I am going through some online lecture notes which prove equivalence between:
- a relation $R$ on a set $X$ is well-founded
By which I mean: every non-empty subset of $X$ has an $R$-least element
- well-founded induction holds in $(X,R)$
By which I mean: $\big[\forall x\in X\,\big(\forall y\in X\,y\,R\,x\implies y\in P\big)\implies x\in P\big]\implies P=X$
What I am puzzled by is that one direction falls naturally: if $R$ is well-founded and $P$ some non-empty subset of $X$ such that for each $x$ and all $y\in P$ with $y\,R\,x$ we have $x\in P$ then $X\setminus P$ cannot have a least element so $X\setminus P=\emptyset$.
But the other direction requires some weak form of choice in every proof I've seen.
- are these two notions no longer equivalent in the absence of choice?
- if so, is there a reason this is often glossed over/not mentioned?
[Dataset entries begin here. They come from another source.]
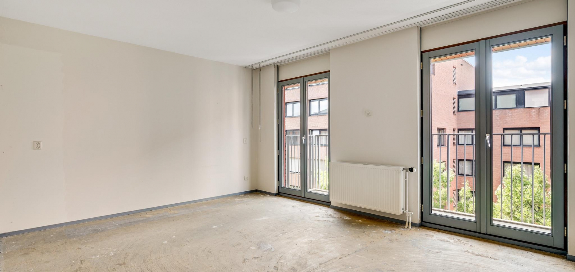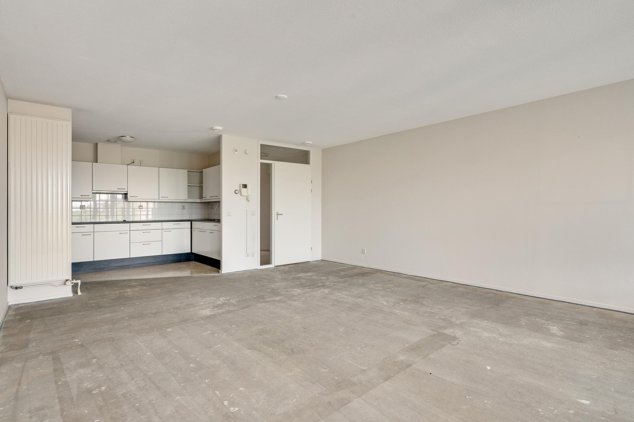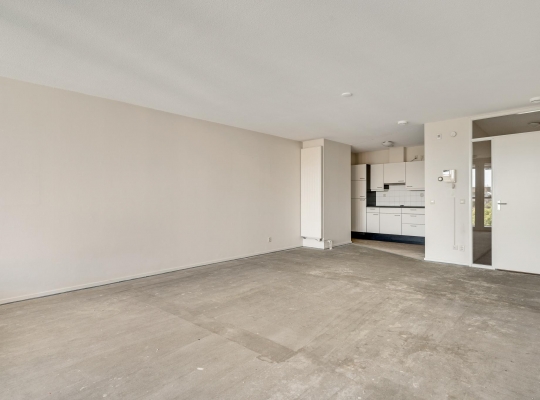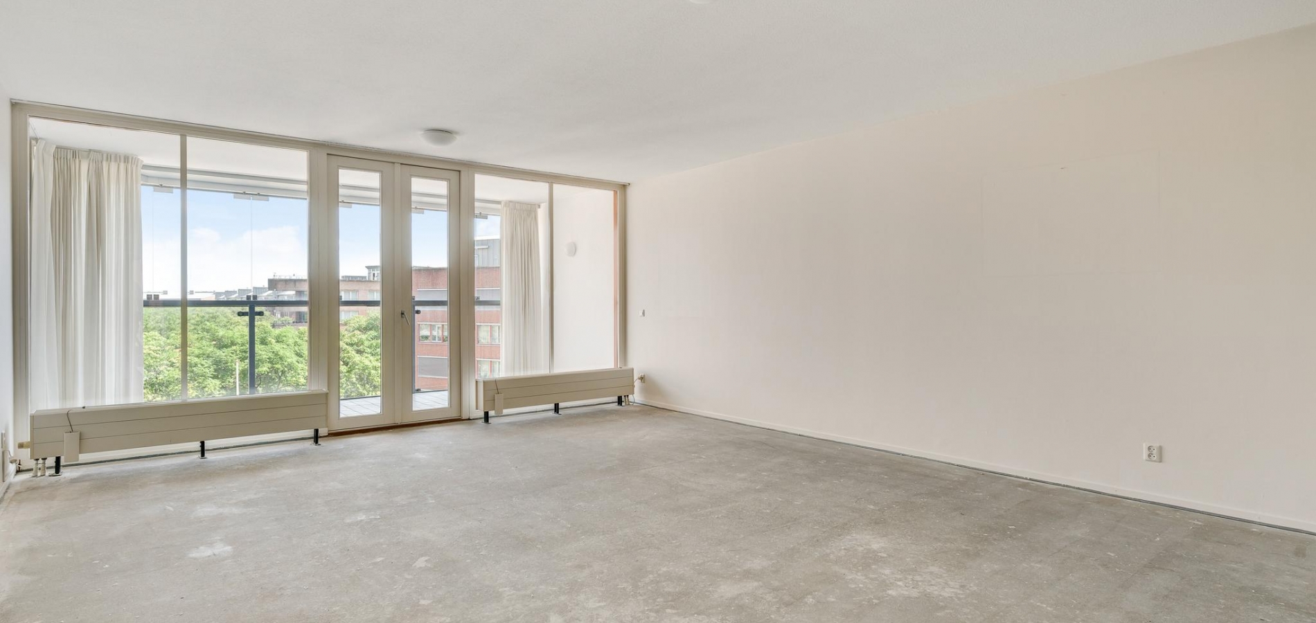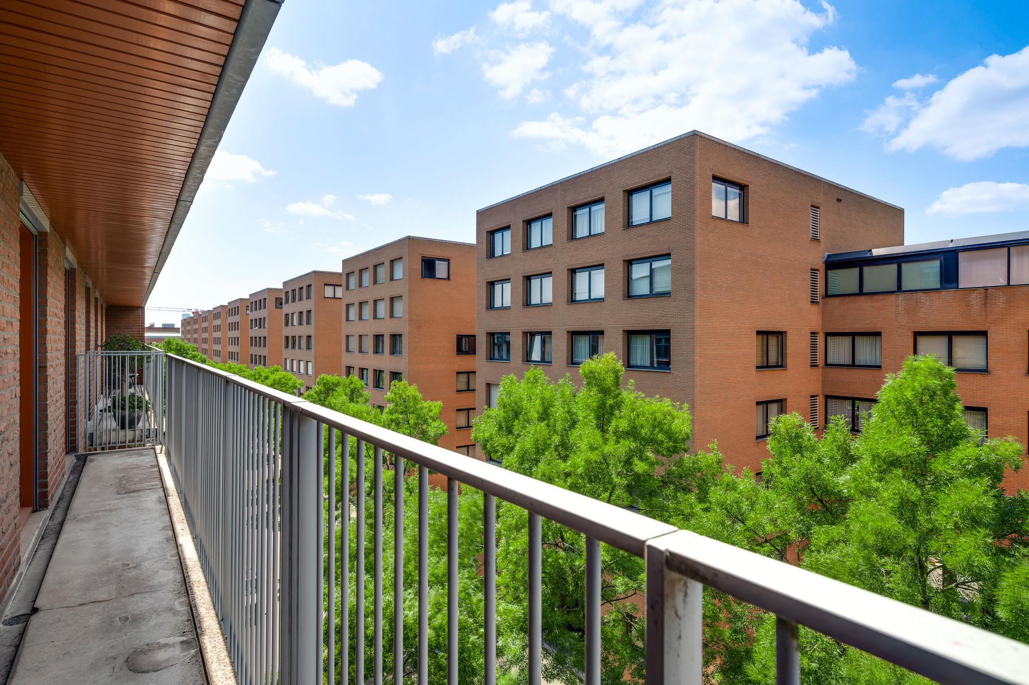 De woonkamer (circa 6,38 x 5,00) is een leefruimte van goed formaat, met openslaande deuren naar de loggia (circa 5,00 x 2,20). Vanuit de woonkamer kijkt u, via de loggia, naar de boomtoppen in de sfeervolle binnentuin. In de halfopen keuken staat een lichte, ruime hoekopstelling met een keramische kookplaat, afzuigkap en een koelkast.
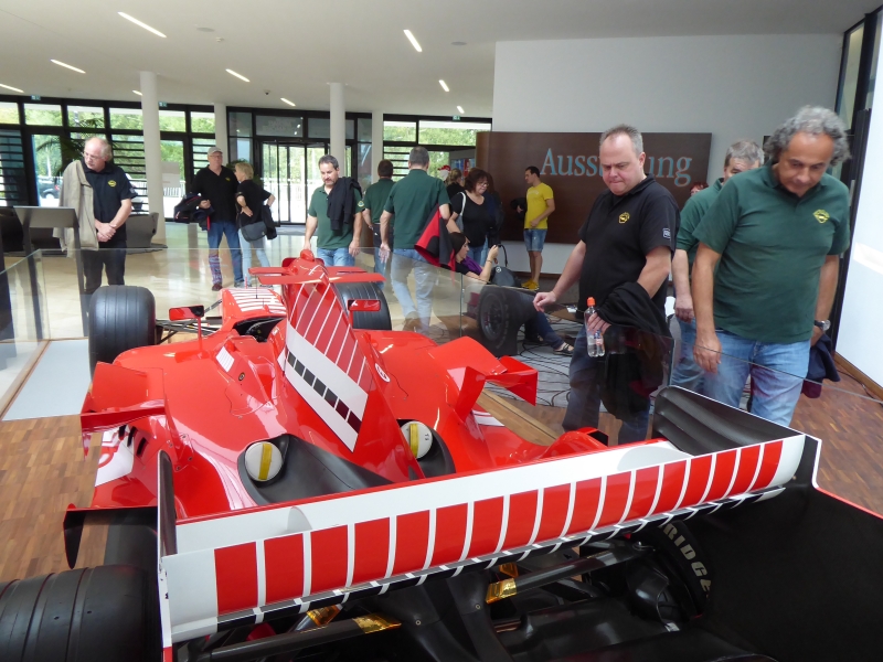 Er hat für berühmte Persönlichkeiten Gepäckstücke gefertigt und für Autofirmen wie BMW; Porsche, Mercedes, Ferrari und Lamborghini Gepäckausstattungen geliefert. Er hatte Kontakte zur Formel 1, ob Fahrer oder Teams. Und so konnte er bei unserem Rundgang viele Geschichten zu den Autos und seinen Erlebnissen erzählen. Es war eine sehr kurzweilige Führung.
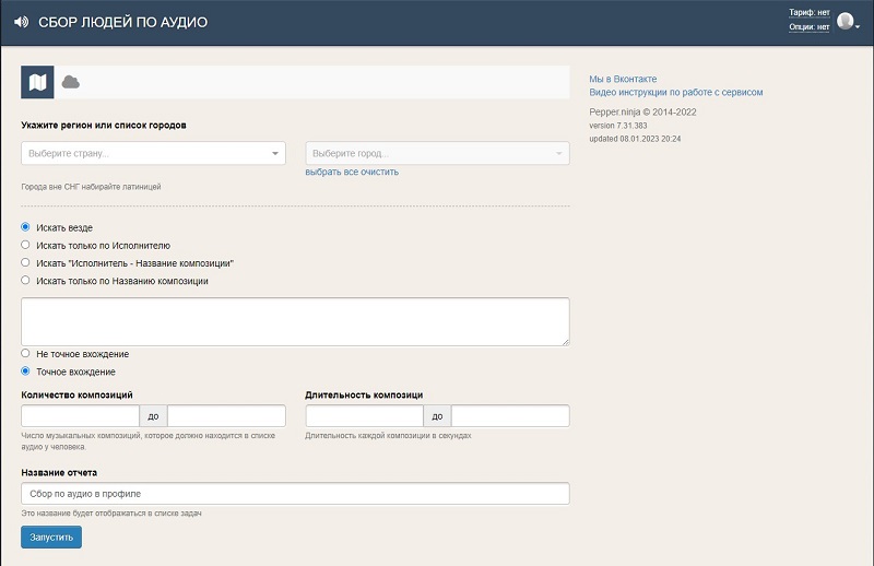 Сервис многозадачный, сбор базы ID в VK зависит от конкретного задания. Его инструменты регулярно обновляются, например, недавно появился парсер по музыкальным предпочтениям ВКонтакте. Подходит для поиска аудитории, предпочитающей определенного исполнителя или жанр.
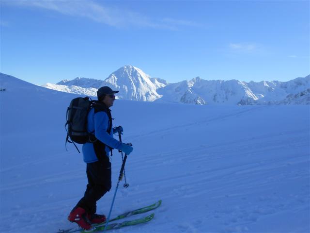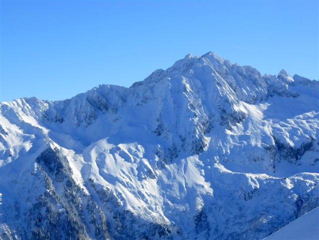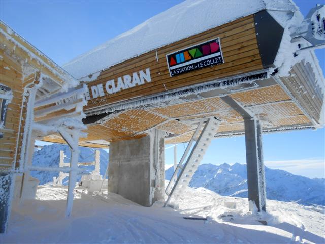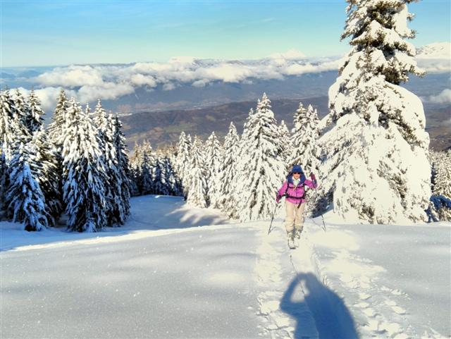 Samedi 12 novembre, départ du Super Collet d'Allevard (1630 m) pour une montée facile dans la trace déjà marquée par les skieurs lève-tôt ; passage au télésiège flambant neuf de Claran et arrivée aux Plagnes par les crêtes ventées (2100 m). Montagnes et arbres sont "meringués", le vent et le froid ont plaqué la belle neige nouvelle !

The other direction does not require any choice: you can just prove it by reversing the argument you gave. Suppose well-founded induction holds in $(X,R)$ and let $Q$ be a subset of $X$. If $Q$ has no least element, that means that for each $x\in Q$, there is some $y\in Q$ such that $y \mathbin{R} x$. Letting $P=X\setminus Q$, this means that if $P$ contains all $y$ such that $y \mathbin{R} x$, then $P$ contains $x$. So, by induction, $P=X$, so $Q$ is empty.